According to the FTC's complaint, on August 1, 1999, FNF entered into an agreement to acquire the common stock of CT for approximately $1.2 billion. The complaint alleges that the effects of the acquisition may substantially lessen competition by eliminating direct competition between FNF and CT in title information services and increasing the likelihood of collusion or coordinated interaction among competing providers of title information services in the following counties, all of which are located in California: San Luis Obispo, Tehama, Napa, Merced, Yolo, and San Benito.
Further, in each of the local jurisdictions named in the complaint, the market for title information services is highly concentrated, and FNF and CT are direct competitors in the sale or provision of title information services. In addition, according to the complaint, in each of the local jurisdictions identified, there are no commercially reasonable substitutes for title information services, and due to the relatively large fixed costs associated with building and maintaining title plants, entry into the market for title information services in each of the local jurisdictions is difficult or unlikely to occur at a sufficient scale to deter or counteract the effects of the acquisition.

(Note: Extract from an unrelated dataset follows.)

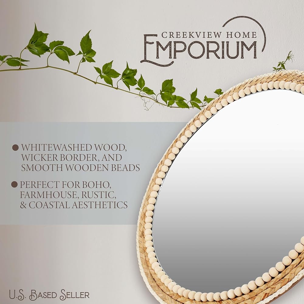 - [تفاصيل دقيقة]: مصنوع من الروطان المنسوج للحصول على حدود خوص وخرز خشبي ناعم مغسول باللون الأبيض لإضافة مثالية لأي غرفة في منزلك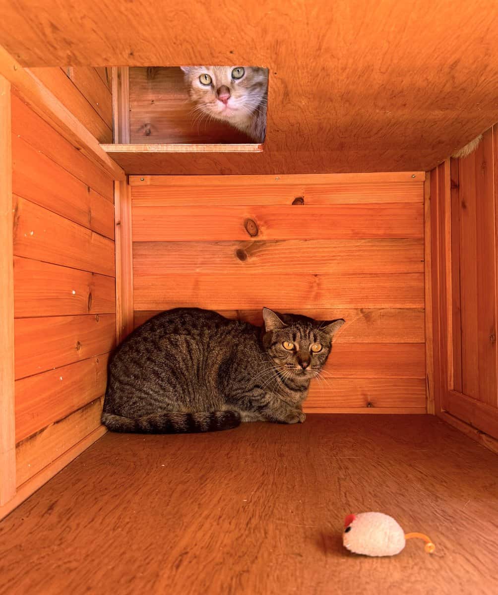 We’d like caretakers to tend to the cats daily, including keeping their spaces clean and interacting with them; this will help them get used to the smells and sounds of their new caregivers. Cats will stay where they feel safe and have resources, and this acclimation period is your time to show the cats that they will be fed and cared for in their new home.

To remedy the alleged anticompetitive effects, the proposed settlement would require FNF to divest or sell copies of the pre-acquisition title plant interests of either FNF or CT in five of the identified local jurisdictions to a buyer or buyers approved by the Commission. The settlement also would require FNF to divest the pre-acquisition interests of FNF or CT in a jointly owned title plant in San Luis Obispo County, California, or, alternatively, to relinquish any additional voting rights in the joint plant that FNF may have accrued post-acquisition while obtaining a new owner of the joint plant. The specified relief would be required to be completed within four months after FNF signs the proposed settlement agreement. Prior to divestiture, FNF would be required to maintain the viability and marketability of the properties, including updating the title plants in the same fashion as before the acquisition and maintaining in effect all user contracts and relationships.
If the specified relief is not accomplished by the respondent within the four-month period. the proposed settlement includes a provision permitting the Commission to appoint a trustee to accomplish the divestitures.
Finally, the proposed agreement contains a number of recordkeeping and reporting requirements designed to monitor compliance with the terms of the settlement.
An announcement regarding the proposed consent agreement will be published in the Federal Register shortly. The agreement will be subject to public comment for 30 days, until February 11, after which the Commission will decide whether to make it final. Comments should be addressed to the FTC, Office of the Secretary, 600 Pennsylvania Avenue, N.W., Washington, D.C. 20580.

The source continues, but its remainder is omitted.